3. Aux termes de l'article R. 421-2 du code de justice administrative : " Sauf disposition législative ou réglementaire contraire, dans les cas où le silence gardé par l'autorité administrative sur une demande vaut décision de rejet, l'intéressé dispose, pour former un recours, d'un délai de deux mois à compter de la date à laquelle est née une décision implicite de rejet () / La date du dépôt de la demande à l'administration, constatée par tous moyens, doit être établie à l'appui de la requête () ". Aux termes de l'article L. 112-3 du code des relations entre le public et l'administration : " Toute demande adressée à l'administration fait l'objet d'un accusé de réception () ". Selon l'article R. 112-5 du même code : " L'accusé de réception prévu par l'article L. 112-3 comporte les mentions suivantes : () / Il indique si la demande est susceptible de donner lieu à une décision implicite de rejet ou à une décision implicite d'acceptation. Dans le premier cas, l'accusé de réception mentionne les délais et les voies de recours à l'encontre de la décision ". Aux termes de l'article L. 112-6 du code précité : " Les délais de recours ne sont pas opposables à l'auteur d'une demande lorsque l'accusé de réception ne lui a pas été transmis ou ne comporte pas les indications exigées par la réglementation () ". Enfin, et toutefois, en vertu des dispositions de l'article L. 112-2 du code des relations entre le public et l'administration, les dispositions des articles L. 112-3, R. 112-5 et L. 112-6 précités qui sont relatives aux conditions de déclenchement du délai de recours contentieux ne sont pas applicables aux relations entre les autorités administratives et leurs agents.

4. D'une part, compte tenu des règles mentionnées au point 2, la demande de Mme B qui a été reçue par le centre hospitalier de Vichy le 16 avril 2020 a donné naissance à une décision implicite de rejet le 24 août 2020.

5. D'autre part, compte tenu des règles mentionnées au point 3 et du statut d'agent de la fonction publique hospitalière détenu par Mme B, le délai de recours contentieux contre la décision du 24 août 2020 a commencé à courir à compter de cette date, sans qu'y fasse obstacle la circonstance selon laquelle la requérante n'a pas été informée des voies et délais de recours. De même, le fait que le centre hospitalier de Vichy a, par un courrier du 5 juin 2020, indiqué à Mme B que sa demande était toujours en cours d'examen n'a pas pu induire en erreur la requérante dès lors que ce courrier a été envoyé à l'intéressée avant que naisse la décision implicite de rejet contestée. Enfin, le délai de recours contentieux n'a pas pu être prorogé par la demande d'aide juridictionnelle présentée par la requérante le 6 janvier 2021. Dans ces conditions, et comme le soutient le centre hospitalier en défense, les conclusions à fin d'annulation présentées par Mme B le 2 juin 2021 sont tardives et, par suite, irrecevables.

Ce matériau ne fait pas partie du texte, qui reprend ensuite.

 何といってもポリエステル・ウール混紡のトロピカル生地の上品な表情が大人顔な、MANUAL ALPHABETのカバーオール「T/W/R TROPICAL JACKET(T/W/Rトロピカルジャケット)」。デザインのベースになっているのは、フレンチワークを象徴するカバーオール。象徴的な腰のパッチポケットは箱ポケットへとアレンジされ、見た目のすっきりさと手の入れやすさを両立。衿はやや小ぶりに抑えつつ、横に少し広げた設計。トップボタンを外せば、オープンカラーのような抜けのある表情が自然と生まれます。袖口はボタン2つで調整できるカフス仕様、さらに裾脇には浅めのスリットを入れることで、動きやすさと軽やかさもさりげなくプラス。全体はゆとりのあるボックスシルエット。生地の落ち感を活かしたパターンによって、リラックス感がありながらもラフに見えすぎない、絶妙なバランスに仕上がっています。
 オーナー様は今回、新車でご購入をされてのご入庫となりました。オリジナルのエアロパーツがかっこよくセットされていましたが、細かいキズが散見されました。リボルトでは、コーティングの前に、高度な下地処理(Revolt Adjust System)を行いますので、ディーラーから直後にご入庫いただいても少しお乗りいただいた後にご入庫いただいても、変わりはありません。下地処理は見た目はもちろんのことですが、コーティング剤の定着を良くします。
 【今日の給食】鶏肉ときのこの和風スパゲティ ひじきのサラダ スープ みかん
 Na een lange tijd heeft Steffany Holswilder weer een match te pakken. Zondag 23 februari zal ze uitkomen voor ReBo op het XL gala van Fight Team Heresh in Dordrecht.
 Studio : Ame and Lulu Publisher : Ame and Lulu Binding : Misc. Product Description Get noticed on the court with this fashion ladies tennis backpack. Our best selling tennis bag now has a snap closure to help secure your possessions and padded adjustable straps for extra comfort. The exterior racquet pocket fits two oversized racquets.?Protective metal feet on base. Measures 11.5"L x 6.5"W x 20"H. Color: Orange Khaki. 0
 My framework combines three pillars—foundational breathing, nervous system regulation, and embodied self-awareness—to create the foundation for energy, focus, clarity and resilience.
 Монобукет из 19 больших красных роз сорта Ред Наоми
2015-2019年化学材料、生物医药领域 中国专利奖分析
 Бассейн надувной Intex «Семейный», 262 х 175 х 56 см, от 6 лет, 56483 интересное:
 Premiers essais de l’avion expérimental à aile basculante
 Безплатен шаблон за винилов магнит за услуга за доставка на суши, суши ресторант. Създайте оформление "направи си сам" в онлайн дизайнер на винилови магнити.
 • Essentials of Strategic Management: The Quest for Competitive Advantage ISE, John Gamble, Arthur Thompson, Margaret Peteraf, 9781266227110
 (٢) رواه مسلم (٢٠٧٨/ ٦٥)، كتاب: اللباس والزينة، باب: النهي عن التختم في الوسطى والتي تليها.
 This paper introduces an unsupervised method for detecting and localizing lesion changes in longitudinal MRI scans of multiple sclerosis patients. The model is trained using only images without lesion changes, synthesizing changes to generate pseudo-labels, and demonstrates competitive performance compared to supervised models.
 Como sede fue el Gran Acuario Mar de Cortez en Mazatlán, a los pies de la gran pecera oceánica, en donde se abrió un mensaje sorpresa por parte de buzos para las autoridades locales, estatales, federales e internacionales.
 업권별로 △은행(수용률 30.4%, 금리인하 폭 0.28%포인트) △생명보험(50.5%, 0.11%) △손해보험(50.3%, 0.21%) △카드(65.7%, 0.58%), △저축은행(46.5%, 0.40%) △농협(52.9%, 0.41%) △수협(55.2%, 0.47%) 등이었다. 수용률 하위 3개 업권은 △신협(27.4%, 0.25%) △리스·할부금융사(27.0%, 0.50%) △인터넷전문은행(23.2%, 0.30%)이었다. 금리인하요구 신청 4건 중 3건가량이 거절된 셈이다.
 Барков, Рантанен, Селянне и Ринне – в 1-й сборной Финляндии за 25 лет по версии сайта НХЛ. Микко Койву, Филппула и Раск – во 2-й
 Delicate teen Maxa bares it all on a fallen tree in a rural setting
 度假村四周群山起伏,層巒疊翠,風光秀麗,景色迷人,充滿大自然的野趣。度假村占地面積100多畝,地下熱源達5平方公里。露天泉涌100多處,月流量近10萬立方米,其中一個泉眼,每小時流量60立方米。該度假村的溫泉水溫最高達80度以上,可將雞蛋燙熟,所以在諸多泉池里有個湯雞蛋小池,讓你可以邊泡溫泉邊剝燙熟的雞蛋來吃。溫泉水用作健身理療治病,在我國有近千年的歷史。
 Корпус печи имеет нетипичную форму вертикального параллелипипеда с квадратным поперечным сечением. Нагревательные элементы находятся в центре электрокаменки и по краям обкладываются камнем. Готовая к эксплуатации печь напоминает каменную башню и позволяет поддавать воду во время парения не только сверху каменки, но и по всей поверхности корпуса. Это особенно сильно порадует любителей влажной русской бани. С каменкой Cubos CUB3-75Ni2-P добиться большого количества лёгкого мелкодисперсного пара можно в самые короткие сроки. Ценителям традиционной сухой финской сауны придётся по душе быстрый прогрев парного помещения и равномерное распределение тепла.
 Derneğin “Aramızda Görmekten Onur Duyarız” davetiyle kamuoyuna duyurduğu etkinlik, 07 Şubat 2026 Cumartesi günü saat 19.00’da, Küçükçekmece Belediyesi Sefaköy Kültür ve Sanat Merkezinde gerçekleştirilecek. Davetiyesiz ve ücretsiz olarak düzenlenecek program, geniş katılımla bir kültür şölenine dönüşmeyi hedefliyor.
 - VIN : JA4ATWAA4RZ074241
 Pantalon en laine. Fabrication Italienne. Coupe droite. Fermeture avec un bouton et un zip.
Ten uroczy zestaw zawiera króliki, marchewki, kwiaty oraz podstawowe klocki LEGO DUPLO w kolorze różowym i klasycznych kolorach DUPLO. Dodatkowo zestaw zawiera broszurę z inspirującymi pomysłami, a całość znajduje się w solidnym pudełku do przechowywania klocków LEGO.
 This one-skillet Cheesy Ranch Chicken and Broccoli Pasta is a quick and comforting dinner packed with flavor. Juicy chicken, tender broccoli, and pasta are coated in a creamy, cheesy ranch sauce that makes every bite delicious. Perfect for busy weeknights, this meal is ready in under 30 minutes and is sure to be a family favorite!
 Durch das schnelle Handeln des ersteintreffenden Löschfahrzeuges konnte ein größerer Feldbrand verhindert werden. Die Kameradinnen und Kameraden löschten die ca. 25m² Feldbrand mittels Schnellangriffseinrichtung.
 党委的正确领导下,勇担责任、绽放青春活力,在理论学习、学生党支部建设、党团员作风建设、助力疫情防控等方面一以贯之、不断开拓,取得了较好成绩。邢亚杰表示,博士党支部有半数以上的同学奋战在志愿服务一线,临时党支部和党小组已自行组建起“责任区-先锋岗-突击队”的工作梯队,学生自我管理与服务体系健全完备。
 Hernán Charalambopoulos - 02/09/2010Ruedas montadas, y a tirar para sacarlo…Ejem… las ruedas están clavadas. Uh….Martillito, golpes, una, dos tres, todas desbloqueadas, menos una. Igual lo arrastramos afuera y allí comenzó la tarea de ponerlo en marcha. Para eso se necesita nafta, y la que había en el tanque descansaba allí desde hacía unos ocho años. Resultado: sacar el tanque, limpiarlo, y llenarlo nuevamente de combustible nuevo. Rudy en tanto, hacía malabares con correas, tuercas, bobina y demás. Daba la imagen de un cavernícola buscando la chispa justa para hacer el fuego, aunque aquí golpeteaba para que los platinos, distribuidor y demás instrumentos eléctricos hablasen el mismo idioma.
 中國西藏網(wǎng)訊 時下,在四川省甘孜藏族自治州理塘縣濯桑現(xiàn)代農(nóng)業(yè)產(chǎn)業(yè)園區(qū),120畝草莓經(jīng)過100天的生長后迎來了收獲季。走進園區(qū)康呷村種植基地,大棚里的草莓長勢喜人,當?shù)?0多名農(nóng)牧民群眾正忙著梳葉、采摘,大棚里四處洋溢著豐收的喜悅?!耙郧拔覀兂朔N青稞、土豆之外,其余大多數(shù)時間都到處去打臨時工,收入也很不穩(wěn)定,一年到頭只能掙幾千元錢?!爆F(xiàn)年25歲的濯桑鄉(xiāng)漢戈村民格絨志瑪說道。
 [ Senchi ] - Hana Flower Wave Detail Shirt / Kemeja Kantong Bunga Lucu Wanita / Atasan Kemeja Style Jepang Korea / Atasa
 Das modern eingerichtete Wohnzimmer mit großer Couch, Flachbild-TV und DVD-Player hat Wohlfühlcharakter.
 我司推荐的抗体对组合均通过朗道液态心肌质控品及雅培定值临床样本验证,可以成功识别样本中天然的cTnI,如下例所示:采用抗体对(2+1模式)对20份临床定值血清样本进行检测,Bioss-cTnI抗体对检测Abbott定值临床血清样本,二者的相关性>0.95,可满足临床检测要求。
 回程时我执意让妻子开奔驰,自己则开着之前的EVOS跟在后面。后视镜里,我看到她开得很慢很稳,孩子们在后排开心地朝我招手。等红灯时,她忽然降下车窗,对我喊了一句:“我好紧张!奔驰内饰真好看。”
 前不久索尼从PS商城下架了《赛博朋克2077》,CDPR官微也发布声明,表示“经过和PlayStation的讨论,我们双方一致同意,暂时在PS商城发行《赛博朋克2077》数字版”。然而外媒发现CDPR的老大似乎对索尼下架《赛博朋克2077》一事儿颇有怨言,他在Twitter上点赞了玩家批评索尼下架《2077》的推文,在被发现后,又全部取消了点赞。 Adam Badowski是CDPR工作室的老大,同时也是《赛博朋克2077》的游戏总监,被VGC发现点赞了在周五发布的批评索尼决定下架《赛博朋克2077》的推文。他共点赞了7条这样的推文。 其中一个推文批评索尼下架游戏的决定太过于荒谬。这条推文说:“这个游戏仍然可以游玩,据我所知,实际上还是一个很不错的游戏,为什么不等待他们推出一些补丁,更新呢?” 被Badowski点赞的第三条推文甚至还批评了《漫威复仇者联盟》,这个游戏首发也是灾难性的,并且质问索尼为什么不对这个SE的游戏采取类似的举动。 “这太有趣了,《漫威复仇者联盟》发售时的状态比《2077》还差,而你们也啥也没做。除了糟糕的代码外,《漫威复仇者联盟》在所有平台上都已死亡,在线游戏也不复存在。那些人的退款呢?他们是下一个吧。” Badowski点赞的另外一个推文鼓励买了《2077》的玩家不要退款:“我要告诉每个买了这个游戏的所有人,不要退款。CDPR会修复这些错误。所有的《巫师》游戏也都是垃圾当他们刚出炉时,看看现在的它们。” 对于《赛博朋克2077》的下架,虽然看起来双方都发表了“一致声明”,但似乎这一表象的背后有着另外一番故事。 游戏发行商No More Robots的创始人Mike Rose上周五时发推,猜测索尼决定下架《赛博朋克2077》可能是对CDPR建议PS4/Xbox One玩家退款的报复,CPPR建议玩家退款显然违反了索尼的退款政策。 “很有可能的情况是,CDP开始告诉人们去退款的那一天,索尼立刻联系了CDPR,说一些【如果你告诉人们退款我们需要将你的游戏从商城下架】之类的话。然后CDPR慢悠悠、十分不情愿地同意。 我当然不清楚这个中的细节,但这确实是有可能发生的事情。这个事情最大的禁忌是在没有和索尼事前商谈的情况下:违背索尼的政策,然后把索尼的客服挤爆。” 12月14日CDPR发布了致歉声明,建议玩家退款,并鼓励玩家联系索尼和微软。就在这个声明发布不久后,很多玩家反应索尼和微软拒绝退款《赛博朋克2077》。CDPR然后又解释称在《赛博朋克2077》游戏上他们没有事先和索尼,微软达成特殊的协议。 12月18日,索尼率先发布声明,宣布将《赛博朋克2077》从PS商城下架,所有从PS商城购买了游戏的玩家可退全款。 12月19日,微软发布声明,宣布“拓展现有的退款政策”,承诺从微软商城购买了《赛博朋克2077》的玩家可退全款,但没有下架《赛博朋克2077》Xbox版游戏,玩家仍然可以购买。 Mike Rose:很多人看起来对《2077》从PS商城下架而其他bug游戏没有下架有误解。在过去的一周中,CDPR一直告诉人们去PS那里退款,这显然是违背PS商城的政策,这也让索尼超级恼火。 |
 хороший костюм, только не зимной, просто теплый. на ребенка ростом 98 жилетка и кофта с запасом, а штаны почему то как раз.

6. Mme B n'étant pas recevable à demander l'annulation de la décision portant rejet implicite de sa demande tendant à ce que la pathologie dont elle est atteinte soit reconnue imputable au service, ses conclusions à fin d'injonction ainsi que celles tendant à l'application des articles L. 761-1 du code de justice administrative et 37 de la loi du 10 juillet 1991 ne peuvent, en conséquence, qu'être rejetées.

D E C I D E :

Article 1er : La requête de Mme B est rejetée.

Article 2 : Le présent jugement sera notifié à Mme C B et au centre hospitalier de Vichy.

Délibéré après l'audience du 23 février 2023, à laquelle siégeaient :

Mme Bader-Koza, présidente,

Mme Trimouille, première conseillère,

M. Debrion, premier conseiller.

Rendu public par mise à disposition au greffe le 9 mars 2023.

Le rapporteur,

J-M. A

La présidente,

S. BADER-KOZA Le greffier,

P. MANNEVEAU

La République mande et ordonne à la préfète de l'Allier en ce qui la concerne ou à tous commissaires de justice à ce requis en ce qui concerne les voies de droit commun contre les parties privées, de pourvoir à l'exécution de la présente décision.